** Task brief **
The records below are to be repeated exactly, minus any pictures.

(Extracted data entries)
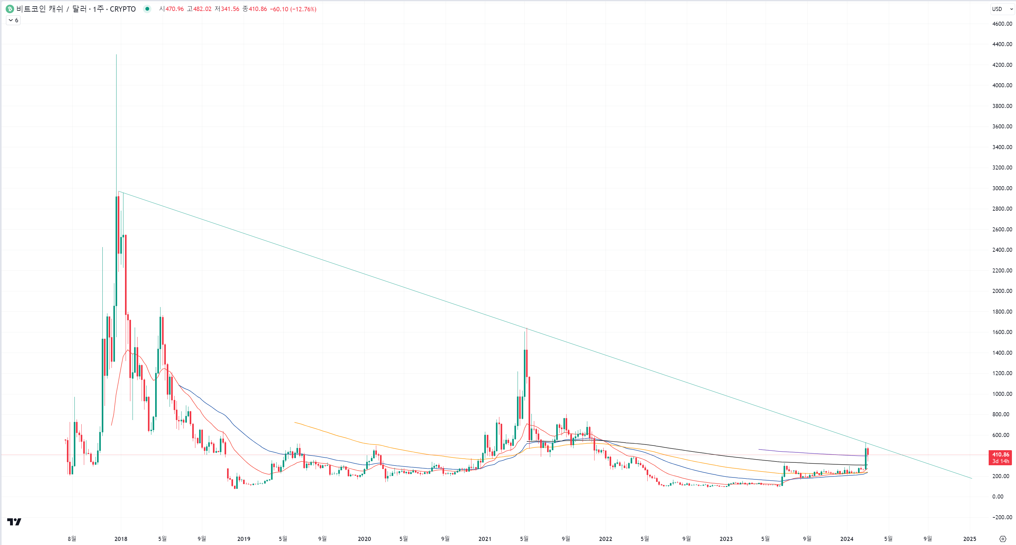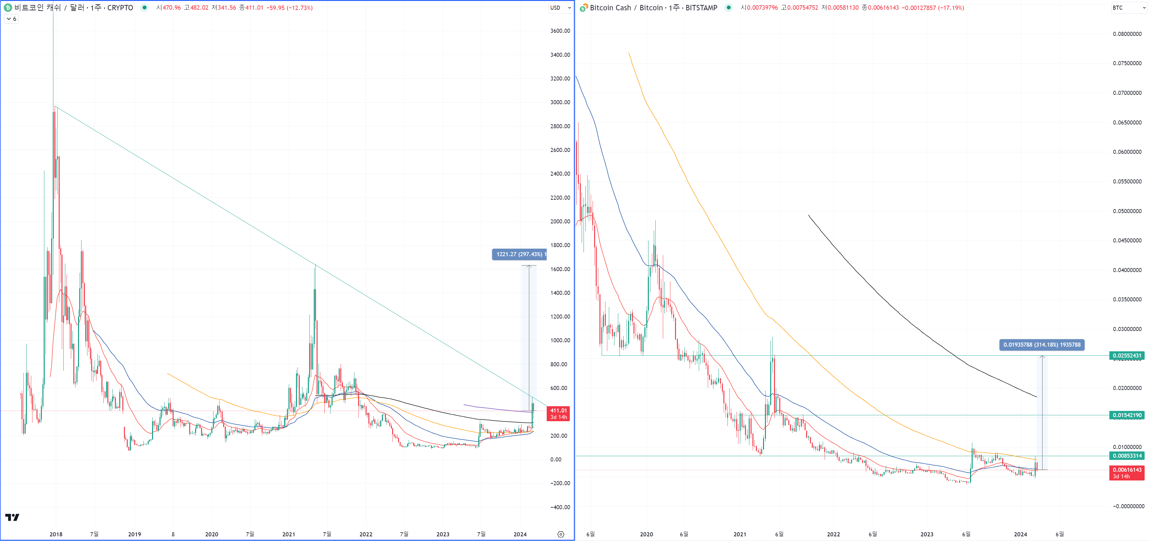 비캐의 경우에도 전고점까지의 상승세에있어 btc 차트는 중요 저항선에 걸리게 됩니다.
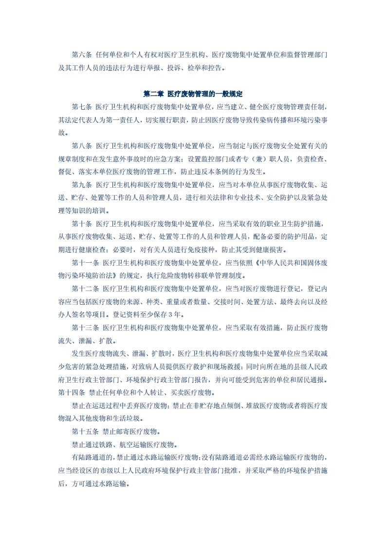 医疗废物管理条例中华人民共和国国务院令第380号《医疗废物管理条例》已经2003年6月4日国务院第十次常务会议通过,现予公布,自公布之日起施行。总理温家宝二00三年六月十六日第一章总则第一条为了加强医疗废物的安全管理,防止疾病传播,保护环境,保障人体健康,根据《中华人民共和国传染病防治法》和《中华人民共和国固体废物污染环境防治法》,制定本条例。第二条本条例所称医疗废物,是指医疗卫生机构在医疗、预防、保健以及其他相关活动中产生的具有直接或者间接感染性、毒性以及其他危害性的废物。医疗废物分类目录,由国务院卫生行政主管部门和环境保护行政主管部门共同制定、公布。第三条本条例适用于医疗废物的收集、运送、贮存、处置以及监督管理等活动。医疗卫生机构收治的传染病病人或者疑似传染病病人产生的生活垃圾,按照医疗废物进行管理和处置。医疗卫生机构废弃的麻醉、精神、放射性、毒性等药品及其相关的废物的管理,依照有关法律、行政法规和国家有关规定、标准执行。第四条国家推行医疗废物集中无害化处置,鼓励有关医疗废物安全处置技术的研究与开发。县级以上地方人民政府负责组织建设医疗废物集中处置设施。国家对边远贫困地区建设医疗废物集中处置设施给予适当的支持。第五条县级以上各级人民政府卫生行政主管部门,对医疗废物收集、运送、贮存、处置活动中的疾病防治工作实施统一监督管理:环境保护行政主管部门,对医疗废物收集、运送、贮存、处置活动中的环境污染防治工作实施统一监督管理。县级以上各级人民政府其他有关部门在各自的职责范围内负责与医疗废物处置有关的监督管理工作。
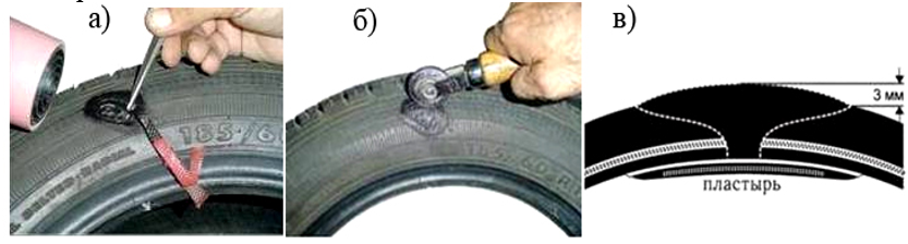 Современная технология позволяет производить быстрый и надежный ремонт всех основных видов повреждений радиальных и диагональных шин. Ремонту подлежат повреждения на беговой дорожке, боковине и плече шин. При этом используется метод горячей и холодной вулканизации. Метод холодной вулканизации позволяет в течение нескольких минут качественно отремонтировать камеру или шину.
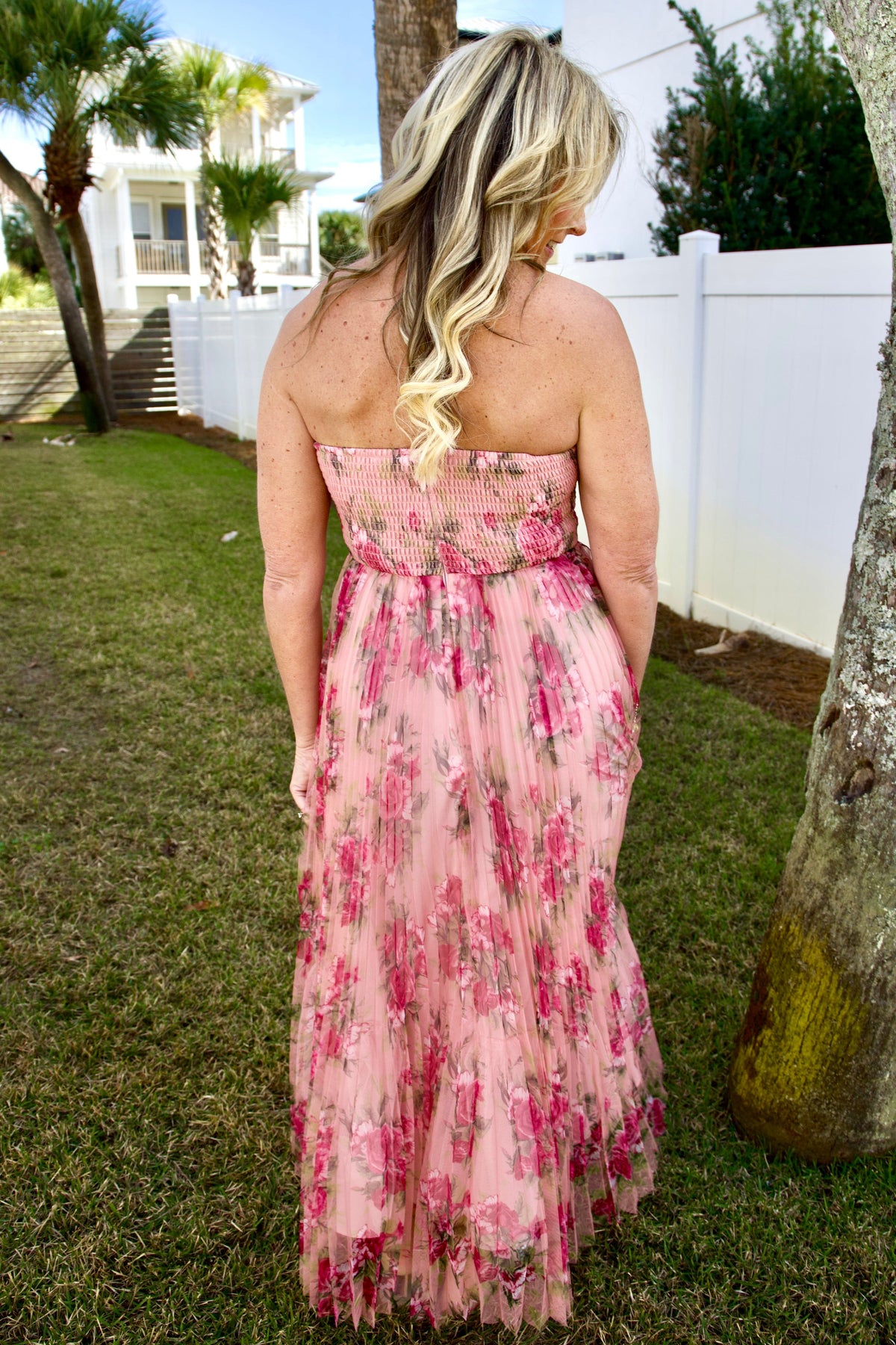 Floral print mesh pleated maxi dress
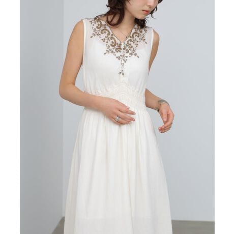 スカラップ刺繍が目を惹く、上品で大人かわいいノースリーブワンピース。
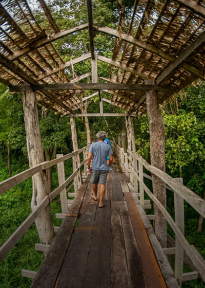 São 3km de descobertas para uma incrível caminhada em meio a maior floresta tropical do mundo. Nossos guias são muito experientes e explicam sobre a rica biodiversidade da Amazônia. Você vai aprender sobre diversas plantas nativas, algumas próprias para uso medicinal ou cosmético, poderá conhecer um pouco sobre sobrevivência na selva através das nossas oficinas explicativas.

** Solution for this problem **
 비캐의 경우에도 전고점까지의 상승세에있어 btc 차트는 중요 저항선에 걸리게 됩니다.
 医疗废物管理条例中华人民共和国国务院令第380号《医疗废物管理条例》已经2003年6月4日国务院第十次常务会议通过,现予公布,自公布之日起施行。总理温家宝二00三年六月十六日第一章总则第一条为了加强医疗废物的安全管理,防止疾病传播,保护环境,保障人体健康,根据《中华人民共和国传染病防治法》和《中华人民共和国固体废物污染环境防治法》,制定本条例。第二条本条例所称医疗废物,是指医疗卫生机构在医疗、预防、保健以及其他相关活动中产生的具有直接或者间接感染性、毒性以及其他危害性的废物。医疗废物分类目录,由国务院卫生行政主管部门和环境保护行政主管部门共同制定、公布。第三条本条例适用于医疗废物的收集、运送、贮存、处置以及监督管理等活动。医疗卫生机构收治的传染病病人或者疑似传染病病人产生的生活垃圾,按照医疗废物进行管理和处置。医疗卫生机构废弃的麻醉、精神、放射性、毒性等药品及其相关的废物的管理,依照有关法律、行政法规和国家有关规定、标准执行。第四条国家推行医疗废物集中无害化处置,鼓励有关医疗废物安全处置技术的研究与开发。县级以上地方人民政府负责组织建设医疗废物集中处置设施。国家对边远贫困地区建设医疗废物集中处置设施给予适当的支持。第五条县级以上各级人民政府卫生行政主管部门,对医疗废物收集、运送、贮存、处置活动中的疾病防治工作实施统一监督管理:环境保护行政主管部门,对医疗废物收集、运送、贮存、处置活动中的环境污染防治工作实施统一监督管理。县级以上各级人民政府其他有关部门在各自的职责范围内负责与医疗废物处置有关的监督管理工作。
 Современная технология позволяет производить быстрый и надежный ремонт всех основных видов повреждений радиальных и диагональных шин. Ремонту подлежат повреждения на беговой дорожке, боковине и плече шин. При этом используется метод горячей и холодной вулканизации. Метод холодной вулканизации позволяет в течение нескольких минут качественно отремонтировать камеру или шину.
 Floral print mesh pleated maxi dress
 スカラップ刺繍が目を惹く、上品で大人かわいいノースリーブワンピース。
 São 3km de descobertas para uma incrível caminhada em meio a maior floresta tropical do mundo. Nossos guias são muito experientes e explicam sobre a rica biodiversidade da Amazônia. Você vai aprender sobre diversas plantas nativas, algumas próprias para uso medicinal ou cosmético, poderá conhecer um pouco sobre sobrevivência na selva através das nossas oficinas explicativas.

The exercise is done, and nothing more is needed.